Weinman was a designer and sculptor who contributed a sizeable amount of work to the collective body of U.S. art. He is best known for his design of the Walking Liberty half dollar and the Mercury dime.
Adolph A. Weinman’s Early Life
Adolph A. Weinman was born Adolph Alexander Weinmann in 1870 in Durmersheim, a German town in the valley of the Rhine River along the French border. He moved to the United States with his mother when he was 14 to live with a relative in the grocery trade and later Anglicized his surname to Weinman.
When he was 15, Weinman’s talent for drawing and modeling with clay led him to a five-year apprenticeship with Frederick Kaldenberg, a legendary maker of smoking pipes in New York. Kaldenberg’s pipes featured intricately carved designs and were featured in numerous expos.
Weinman began taking night drawing classes at Cooper Union for the Advancement of Science and Art in the first year of his apprenticeship. Later, he studied drawing at the Art Students League of New York.
Adolph Weinman’s Artistic Career
After school, Weinman found work as an assistant to several sculptors and medalists like Philip Martiny before he opened his own studio. One of Adolph A. Weinman’s first commissions was award medal for the Louisiana Purchase Exposition in St. Louis in 1904.
One year later, in 1905, Weinman collaborated with elderly Augustus Saint-Gaudens on his inaugural medal for President Roosevelt. Saint-Gaudens employed Weinman to model this medal, resulting in artistic success.
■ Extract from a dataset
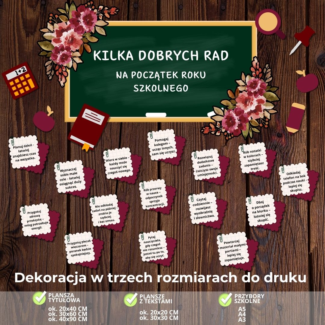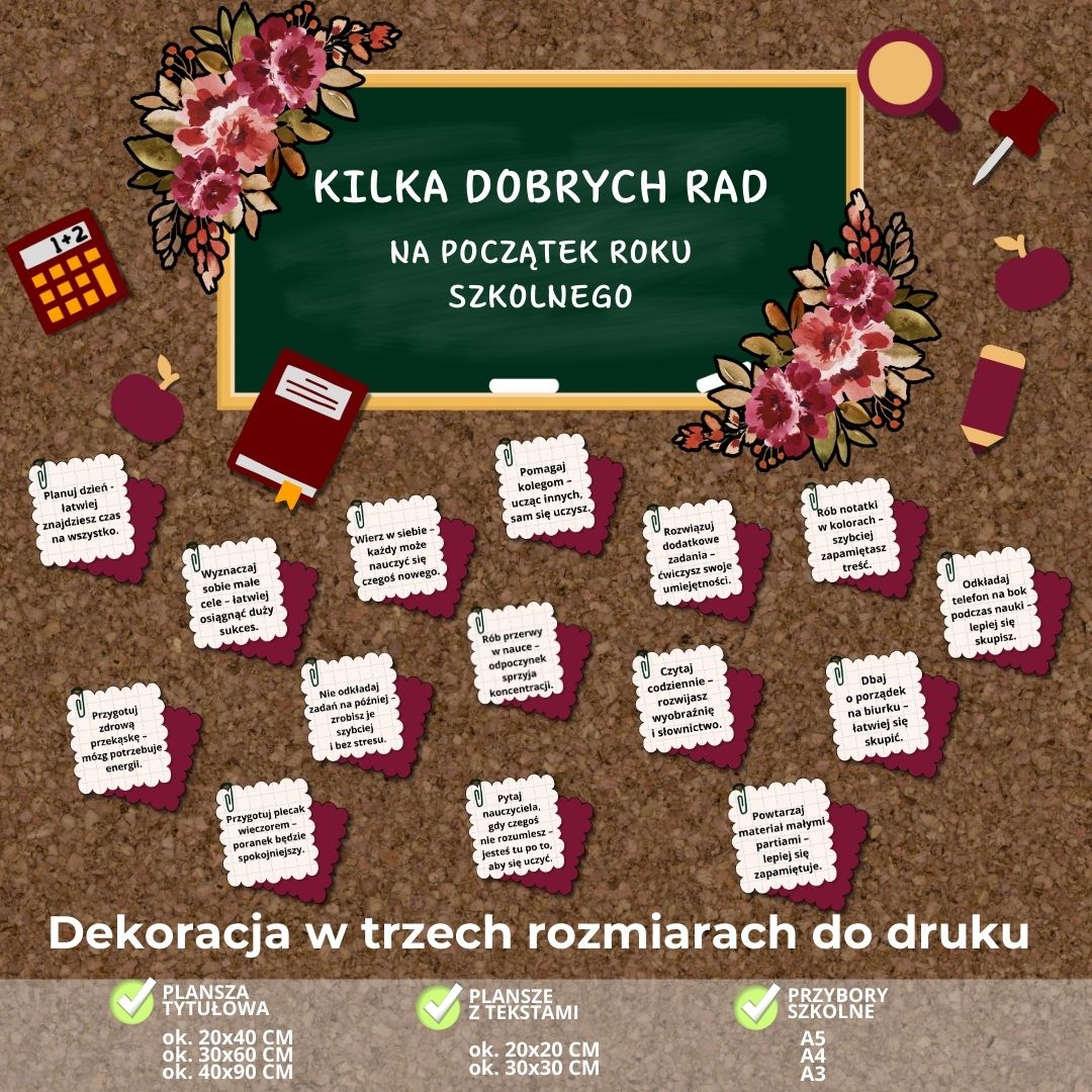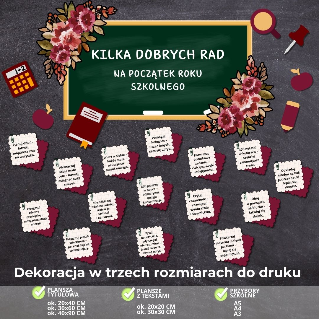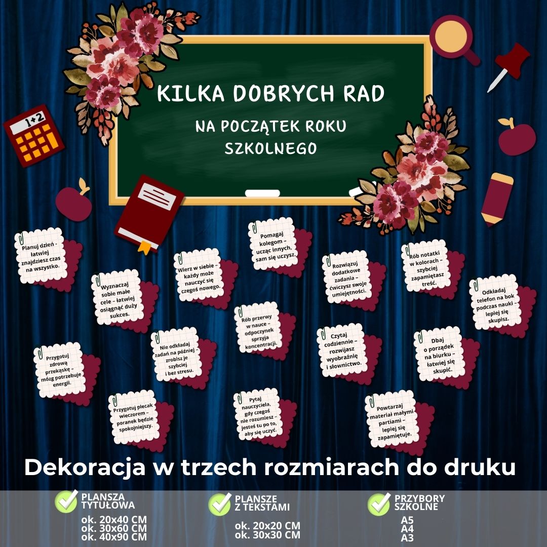 To nasza najnowsza dekoracja na rozpoczęcie roku szkolnego ✨ Przywitaj uczniów w pięknie udekorowanej sali lub na korytarzu! Nasz zestaw dekoracji został przygotowany tak, abyście mogli stworzyć zarówno mniejszą gazetkę, jak i dużą, efektowną aranżację – dopasowaną do Waszych potrzeb i przestrzeni.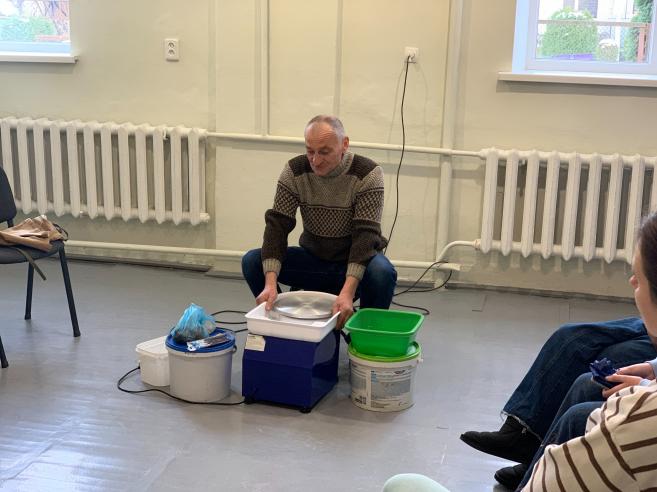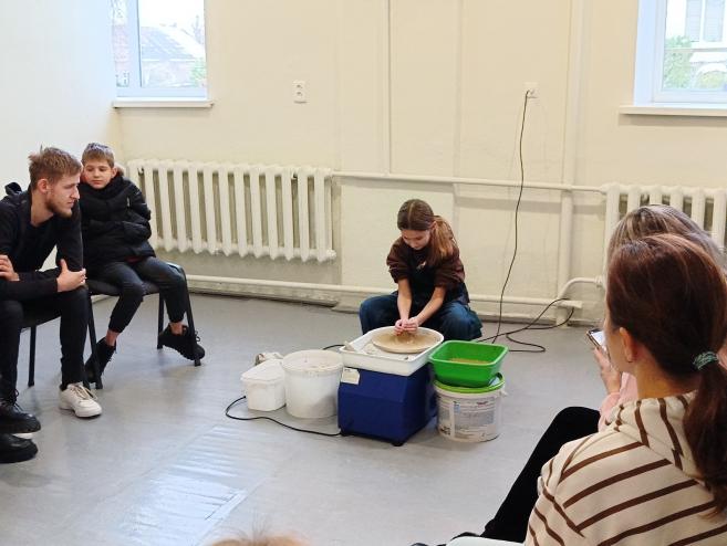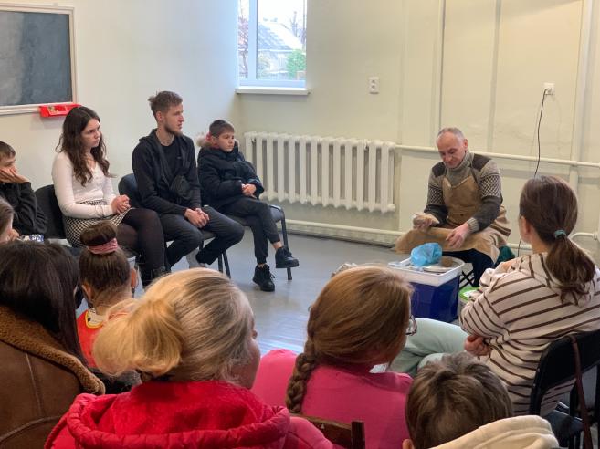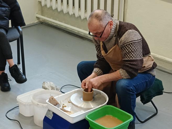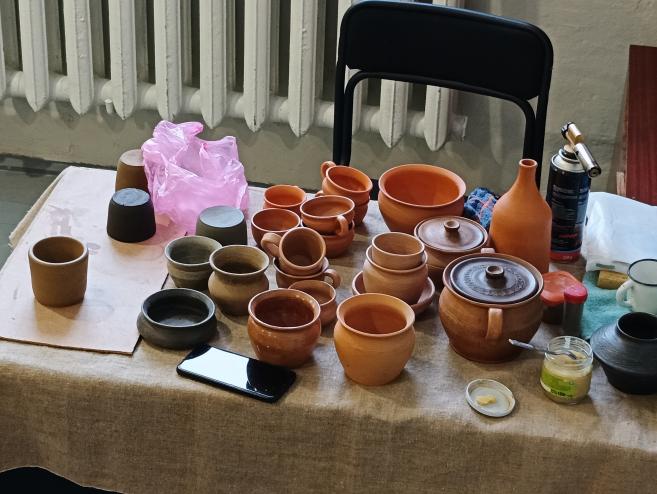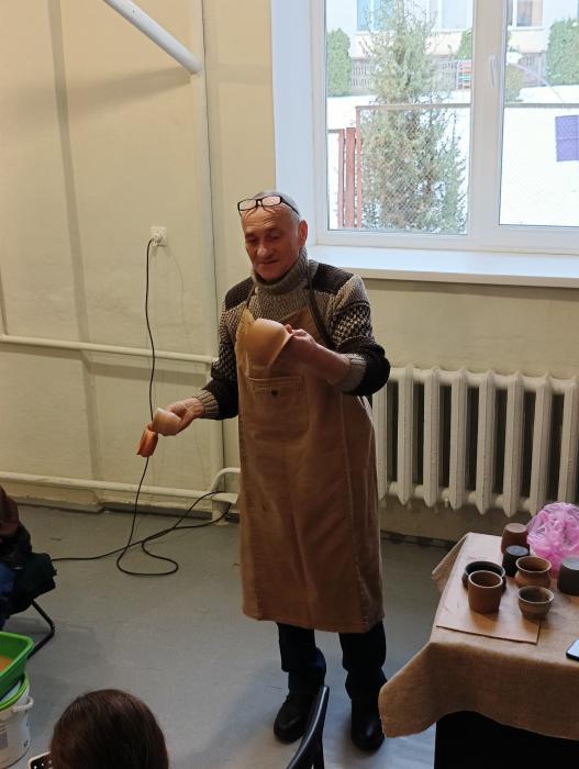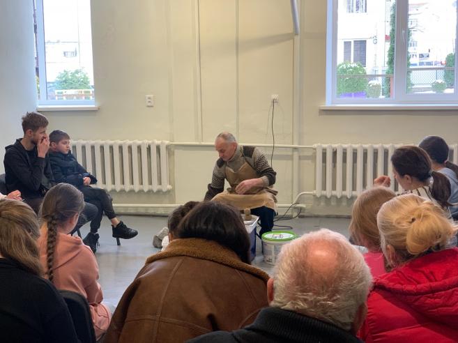 🏺Богдан Олександрович розпочав майстер-клас із загальної інформації про гончарство, гончарне коло, глину, допоміжні інструменти, показував вже випалені вироби.

Weinman was one of three sculptors invited by the Commission of Fine Arts to craft and submit designs for a new dime, quarter, and half dollar in 1916. Herman A. MacNeil’s design was chosen for the quarter and Adolph A. Weinman’s designs were selected for the new dime and half dollar.
Adolph A. Weinman’s Iconic Coin Designs
Weinman based his designs on a bust of Elsie Kachel Stevens, wife of writer Wallace Stevens, that he had worked on in 1913. Elsie Kachel Steven’s face was used for the obverse design of the 1916-1945 Mercury dime and as part of the full figure of Liberty walking on the half dollar.
Adolph A. Weinman’s designs entered circulation in October of 1916 and January of 1917 and enjoyed nearly three full decades of popularity. The Mercury dime was not issued past 1945 and the Walking Liberty half dollar was discontinued after 1947.
Weinman’s Walking Liberty was revived for the American Silver Eagle series in 1986, and it is still featured on the obverse of the Silver Eagle today.
Other Notable Works by Adolph A. Weinman
Weinman’s sculptures can be found in places of prominence across the United States. His sculptures of Abraham Lincoln in Madison, Wisconsin and in Hodgenville, Kentucky are nothing short of austere and lifelike.
Descending Night was a Weinman sculpture commissioned for the Panama-Pacific International Exposition in San Francisco in 1915 and recreations of this provided him with steady income. Adolph A. Weinman’s work can be found on the Jefferson Memorial, Manhattan Municipal Building, Missouri State Capital, National Archives Building, and in many other places throughout the U.S.A.